Please restate the records below verbatim, omitting every image they hold.

Start of Task data

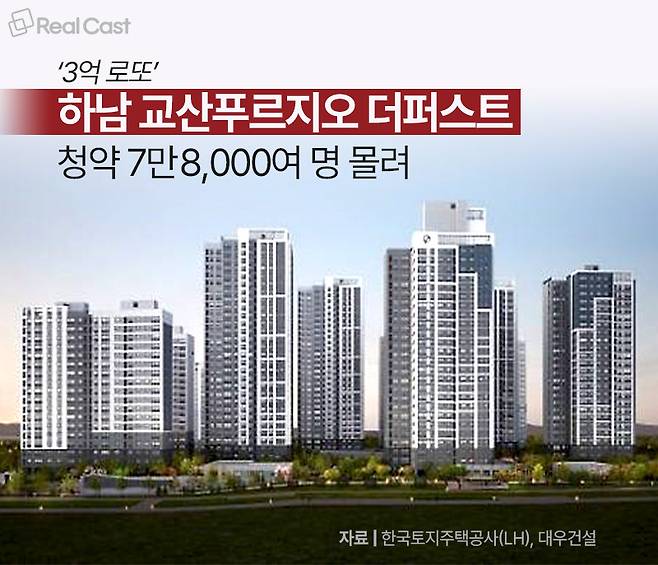 5월 분양한 부천대장지구 A7블록은 일반공급 110가구 모집에 1만3,312건이 접수, 평균 121대 1을 기록했고, 하남 교산 A2블록 교산푸르지오 더 퍼스트 일반공급 201가구에 5만2,920건이 접수, 평균 263대 1을 기록했습니다. 특별공급도 2만5,012건이 접수돼 평균 134대 1로 마감됐습니다.
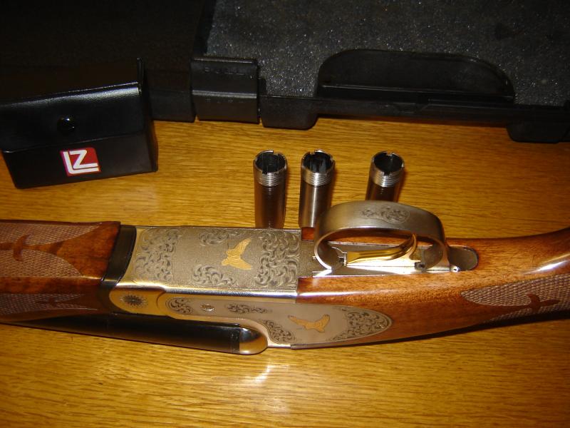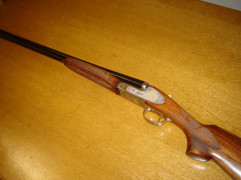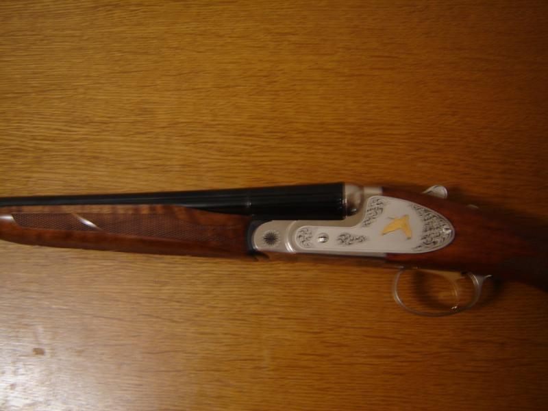 Con grabados de becadas en dorado en ambas pletinas, y punto de mira de fibra óptica.
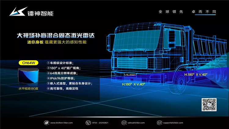 鐳神智能另一重磅新品——大視場補盲激光雷達CH64W,作為專為掃除盲區(qū)設計的產品,CH64W可應用在汽車、機器人、AGV等領域的行駛盲區(qū)監(jiān)測,其擁有180°x 40°的超廣水平視場角,測量精度精確至±3cm,能夠高效識別近距離范圍內的障礙物。與鐳神智能其他功能的激光雷達組合搭配,適配不同應用需求,提供更精確、全面的監(jiān)測感知。
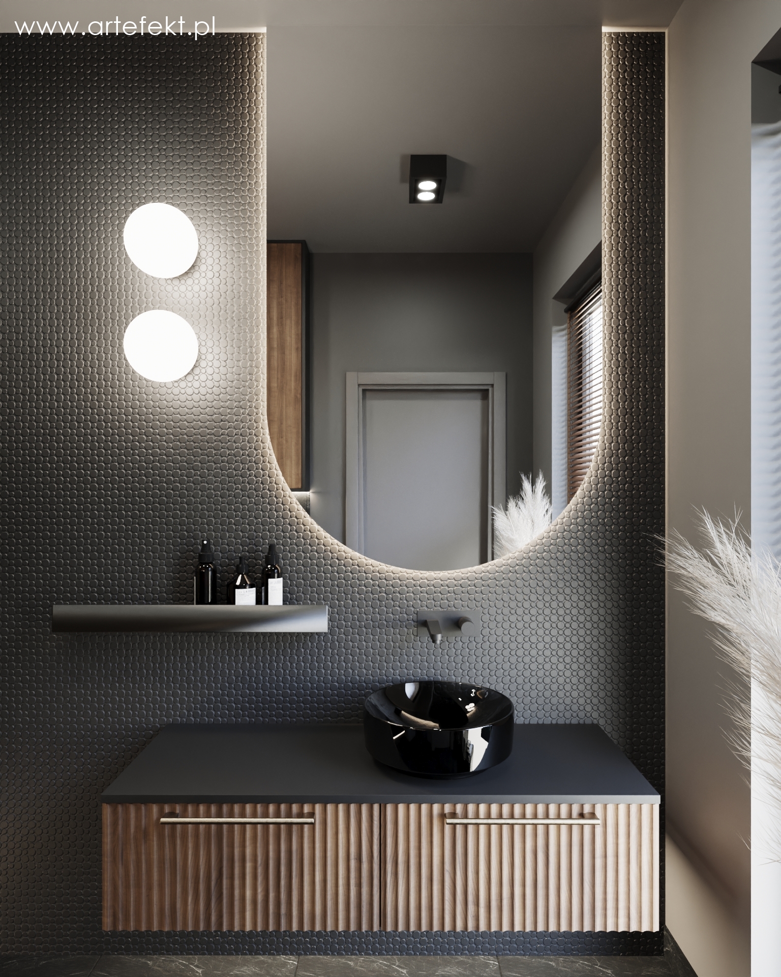 łazienka z czarną mozaiką
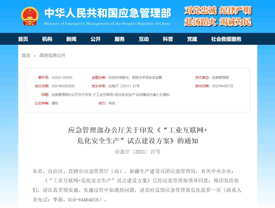 4月7日,國家應急管理部官網正式對外印發《“工業互聯網+危化安全生產”試點建設方案》。
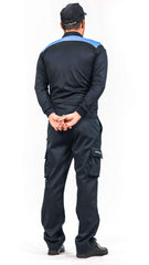 De color azul marino que lleva en la parte alta del pecho y espalda un canesú de color azul claro, con un vivo gris reflectante de 4 milímetros de ancho en la parte alta del pecho y espalda, tipo cordón, cosido entre ambos colores. Hombreras y cuello camisero de color azul marino en el mismo tejido que el cuerpo, cerrado por tres botones del mismo color azul marino.
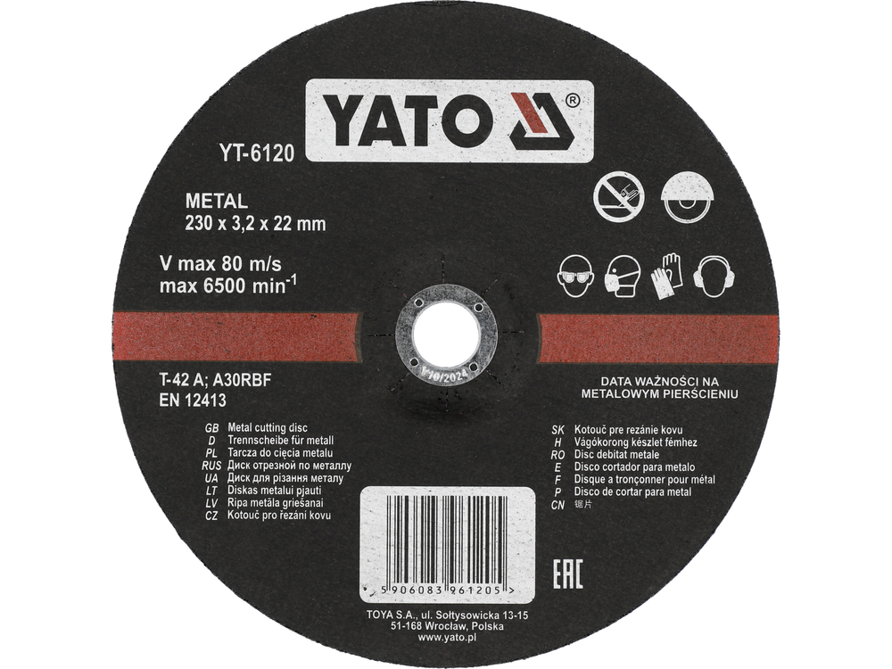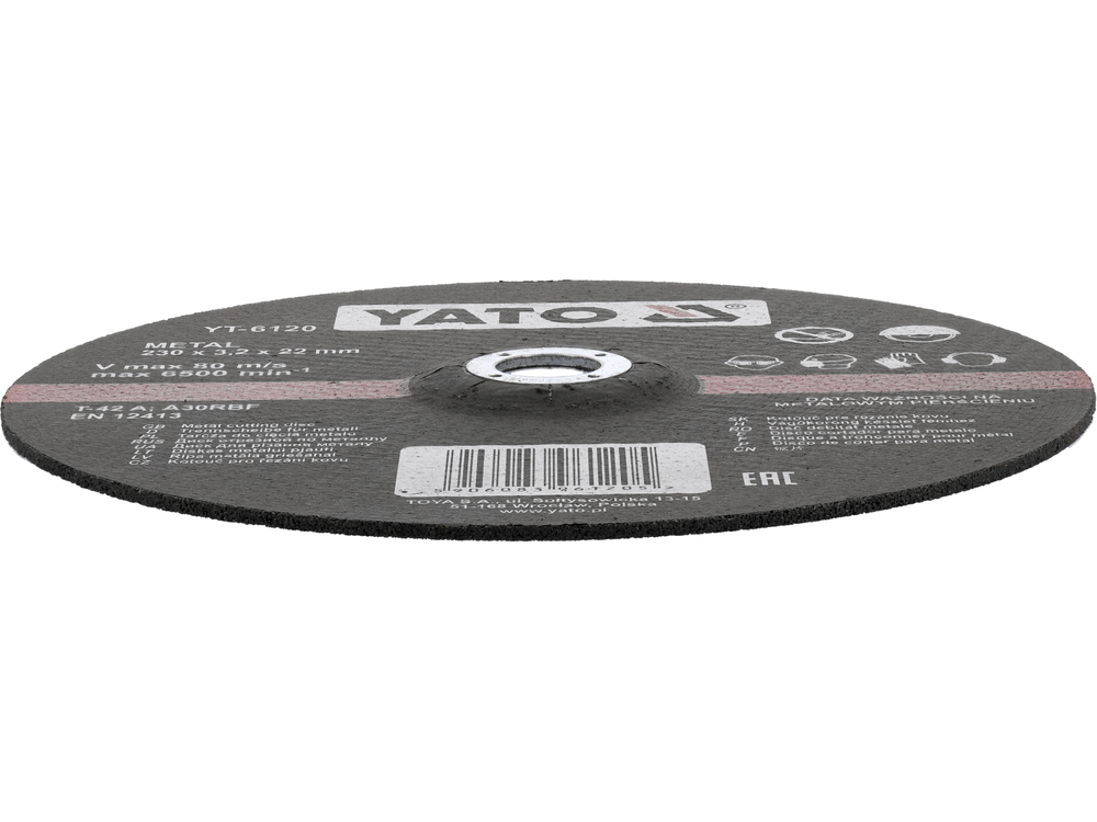 YATO prekės ženkloišgaubtas metalo pjovimo diskas pagamintas iš aukštos kokybės tinkamo kietumo ir granuliuotumo abrazyvinės medžiagos.
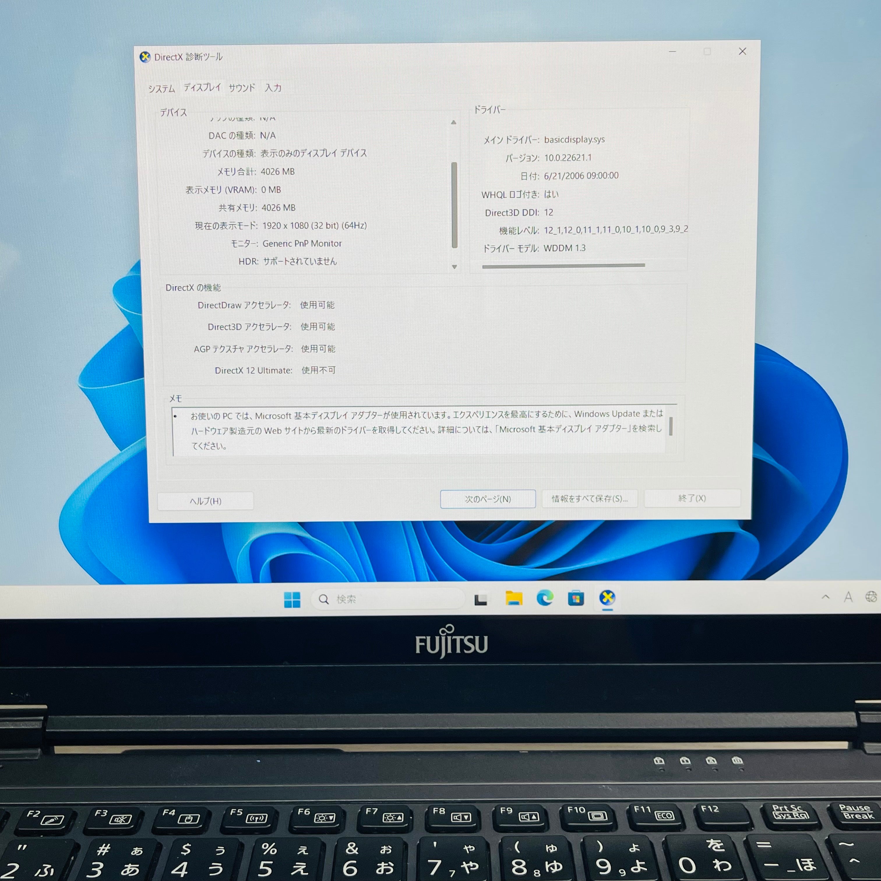 | 外部ディスプレイ表示(注3) | HDMI最大4096×2160ドット、 アナログRGB 最大1920×1200ドット / 最大1677万色(注14) |

End of Task data

◆ Completed exercise
 5월 분양한 부천대장지구 A7블록은 일반공급 110가구 모집에 1만3,312건이 접수, 평균 121대 1을 기록했고, 하남 교산 A2블록 교산푸르지오 더 퍼스트 일반공급 201가구에 5만2,920건이 접수, 평균 263대 1을 기록했습니다. 특별공급도 2만5,012건이 접수돼 평균 134대 1로 마감됐습니다.
 Con grabados de becadas en dorado en ambas pletinas, y punto de mira de fibra óptica.
 鐳神智能另一重磅新品——大視場補盲激光雷達CH64W,作為專為掃除盲區(qū)設計的產品,CH64W可應用在汽車、機器人、AGV等領域的行駛盲區(qū)監(jiān)測,其擁有180°x 40°的超廣水平視場角,測量精度精確至±3cm,能夠高效識別近距離范圍內的障礙物。與鐳神智能其他功能的激光雷達組合搭配,適配不同應用需求,提供更精確、全面的監(jiān)測感知。
 łazienka z czarną mozaiką
 4月7日,國家應急管理部官網正式對外印發《“工業互聯網+危化安全生產”試點建設方案》。
 De color azul marino que lleva en la parte alta del pecho y espalda un canesú de color azul claro, con un vivo gris reflectante de 4 milímetros de ancho en la parte alta del pecho y espalda, tipo cordón, cosido entre ambos colores. Hombreras y cuello camisero de color azul marino en el mismo tejido que el cuerpo, cerrado por tres botones del mismo color azul marino.
 YATO prekės ženkloišgaubtas metalo pjovimo diskas pagamintas iš aukštos kokybės tinkamo kietumo ir granuliuotumo abrazyvinės medžiagos.
 | 外部ディスプレイ表示(注3) | HDMI最大4096×2160ドット、 アナログRGB 最大1920×1200ドット / 最大1677万色(注14) |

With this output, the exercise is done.